Appotography Opinion

With iCamera HDR, you can either use previously taken shots or the built-in camera. In both cases, you have the possibility to go for a proper HDR or for a fake HDR (single image processing). If you take the photos with the built-in camera, you can select among Automatic mode, in which the software determines on its own the lighting conditions, or Manual, which allows you to move around the square cursors to indicate light and dark areas of your image. In absence of tripod or other stable surfaces, the Stabilizer feature, with its three levels of intensity, can help you in taking sharper photos, resulting in more accurate HDR composites. You can take more sets of photos which you can save before getting to the post-processing stage; if you want, you can edit them when it suits you instead of doing it right away. This is particularly useful if you are not sure about some of the shots you have taken and you choose to take more for better results.

After you pick the images you want to work with, you have an extensive assortment of adjustable settings and tools to make the final outcome as good as it is possible. From the three available tone mapping engines — allowing you to try different solutions to get the most out of your shots by enhancing details and tones — to an array of other instruments which include white balancing, contrast and brightness adjusting, lens correcting and many more, you have at your disposal an exhaustive post-processing lab, especially tailored for HDR photography. Before saving, you can also apply one of the many photo effects included  in the app  to your image — colored filters, mainly.

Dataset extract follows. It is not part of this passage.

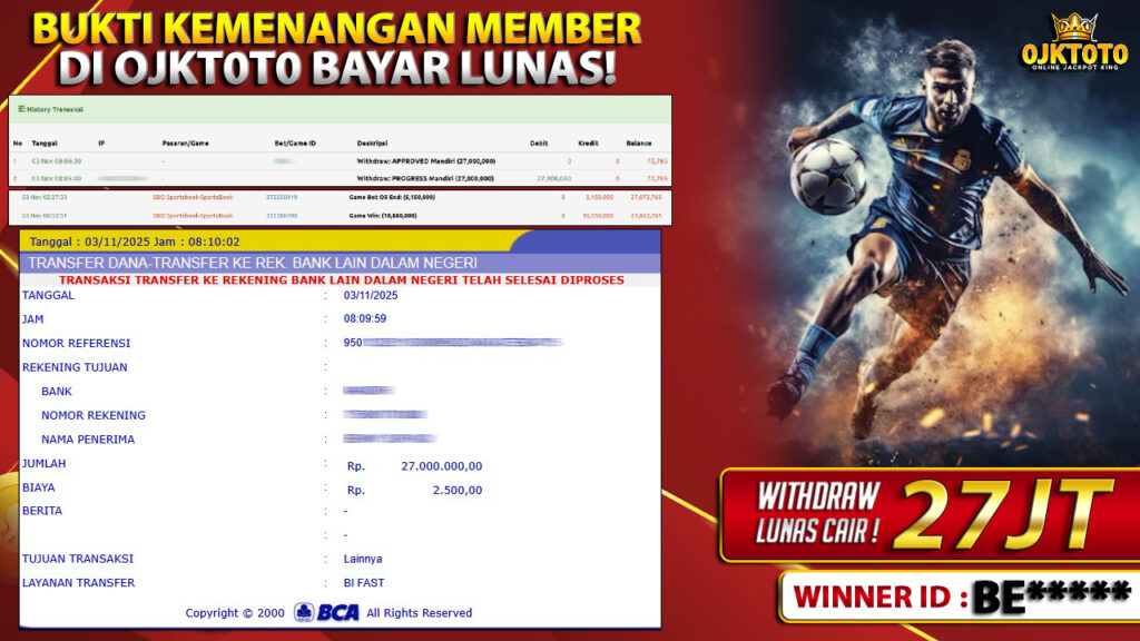 Bandar togel OJKTOTO merupakan bandar togel dan slot online yang membayar semua kemenangan member hingga lunas. Setiap pembayaran pada situs kami dilakukan dengan cara transfer ke rekening tujuan yang sudah di daftarkan pada situs togel online kami, Pembayaran hanya dapat di proses jika rekening yang di daftarkan telah valid dan dapat di transfer.  Semua kemenangan member yang mendapatkan hadiah jackpot terbesar akan kami posting agar semua pemain dapat melihat bandar situs terpercaya OJKTOTO ini membayar semua kemenangan member hingga lunas. Setiap postingan yang kami posting akan kami lakukan sensor pada nomor rekening 4 digit dan nama rekening untuk menjaga privasi dan kerahasiaan member. Postingan Jackpot yang kami posting agar member atau pemain yang belum pernah bermain bisa melihat bandar togel Bukan Kaleng Kaleng Seperti OJKTOTO ini, Semua postingan jackpot yang kami posting dapat di lihat data keasliannya melalui nomor reff yang di tunjukan pada bank atau mbanking saat kita melakukan transfer

iCamera HDR by Everimaging for iPhone

iCamera HDR is a very sophisticated software that, unlike other more basic HDR apps, gives the user access to a very rich and advanced set of photographic tools for fully controlling the HDR process from the moment of shooting up to its finalization. The results obtained with iCamera HDR are excellent, also thanks to the fact the degree of flexibility and control you are given is impressive, especially for an iPhone application. The app by Everimaging is able to reduce issues that others, however good and effective, cannot correct. One of these issues is halation — that annoying bright spreading area on a photographic image, very frequently found in HDR images that make only use of two exposures instead of more, that is sometimes very hard to get rid of even for professional photographers. Comparing results obtained using the same bracketed photos — both if taken with the built-in camera and with a third party app like Bracket Mode — in some instances I noticed significant differences.

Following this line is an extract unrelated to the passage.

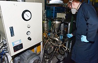Auf dem Foto ist der Sphärisierungsvorgang von AGC zu sehen, der mittels eines japanischen Sphärisierungs-Systems in den USA durchgeführt wird. Die Sphärisierung ist ein kritischer Schritt in der ‚CSPG’-Produktion. Hier werden die flachen Graphitflocken in kugelige Partikel oder Sphäroide umgewandelt.

iCamera HDR by Everimaging for iPhone

Of course, on the other hand, using iCamera HDR is more time-consuming and it requires more effort than average iPhone HDR apps: the UI is clean and using the sliders to make adjustments is quite easy, but parameters are many, maybe too many for a newbie or for anybody just wanting to get the job done in a click or two. More settings mean more flexibility, but also more time to use them at their full potential. Let’s not forget speed and straightforwardness are still important aspects in iPhone photography, especially in the eyes of more casual users. On the long run, more control over your photography is definitely rewarding, but if you’re not so dedicated, then iCamera HDR is probably not the right choice.

The developers seem to be updating their product very frequently, which is always a point in favor, at least as I see it. The app is iPhone 3GS/4 and iPod Touch 4 only for now, but it was said iPad version is also in the making, so stay tuned for more to come.

Overall

Name: iCamera HDR
Developer: Everimaging
Compatibility: iPhone 3GS & 4, iPod Touch 4th. iOS 4.0 or later.